2. regarding of YOLO and mask-r-CNN, witch one is one stage detector? describe the RPN outputs and the YOLO output, adress how the network produce the output and the shapes of each output.

**Answer**

YOLO is the one stage detector. The output of YOLO is a bounding box. In order to obtain such output YOLO takes an image and split it into an SxS grid, where each grid cell predicts only one object. Image classification and localization is applied on each grid. If the center of an object falls into a grid cell, that grid cell is responsible for detecting that object. Each of the grid cells predicts B bounding boxes with confidence scores for those boxes. Each bounding box consists of 5 predictions: bx, by, bw, bh, and confidence.
  Thus, output dimension will S × S × (B ∗ (1+4) + C) tensor. 

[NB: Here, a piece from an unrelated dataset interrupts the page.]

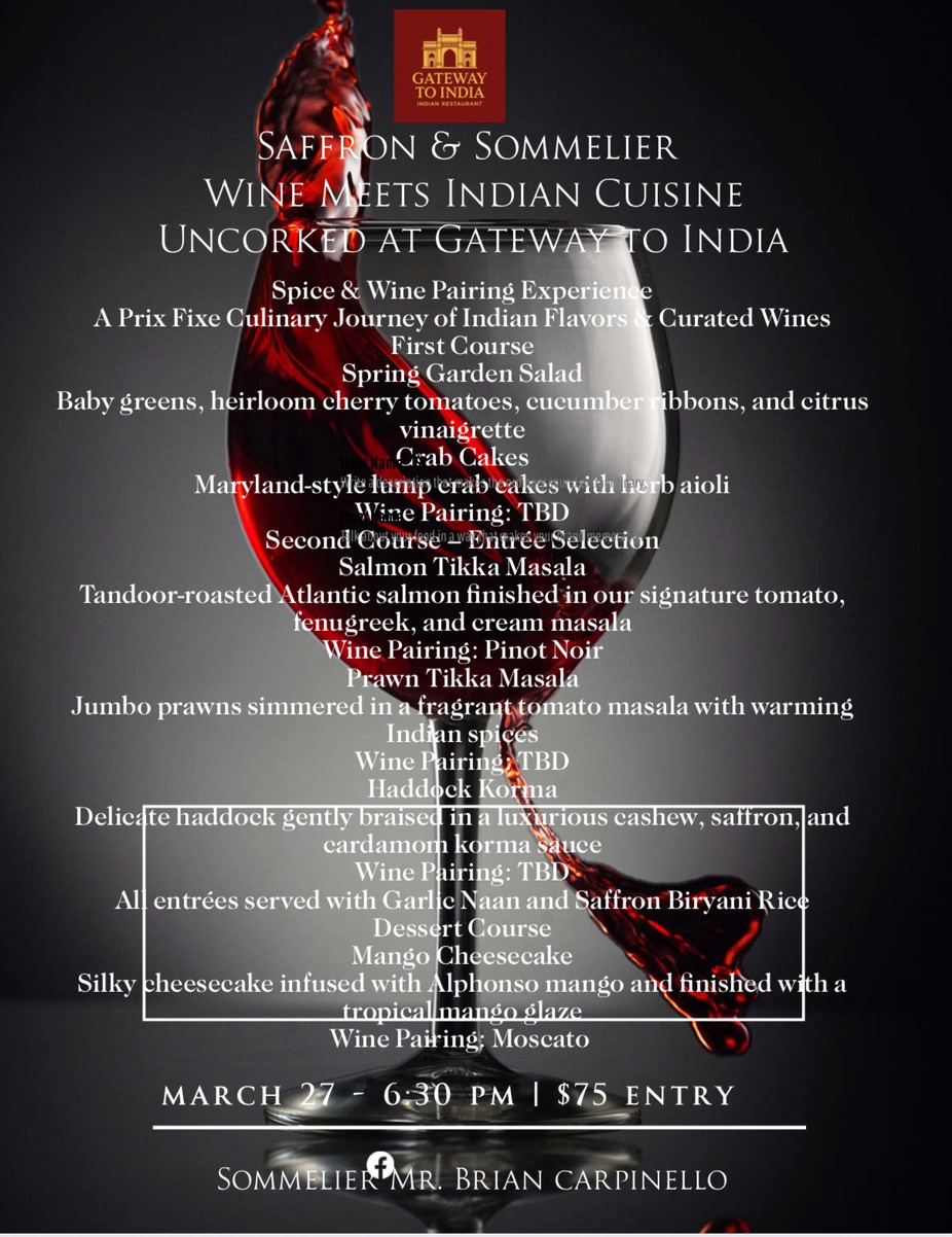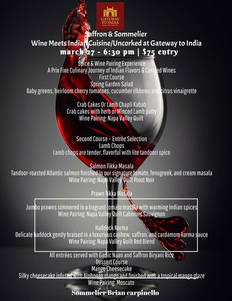 Uncorked at Gateway to India 4 Course Pre Fixe

In the mask r-CNN the object detection output is done by RPN. RPN uses a CNN to generate the multiple Region of Interest(RoI) using a lightweight binary classifier. It does this using anchors boxes over the image. The classifier returns object/no-object scores. Non Max suppression is applied to Anchors with high objectness score. RPN has two outputs. One output is for “object-like” and the other is for “not object-like” in form of a probability distribution.
Then there are 4 additional outputs per anchor box (x,y,w,h). 
Thus, output dimension will be: k(4 + 2)
Where k = number of anchor boxes, 2 are the object-like and not object-like outputs, and 4 outputs per box.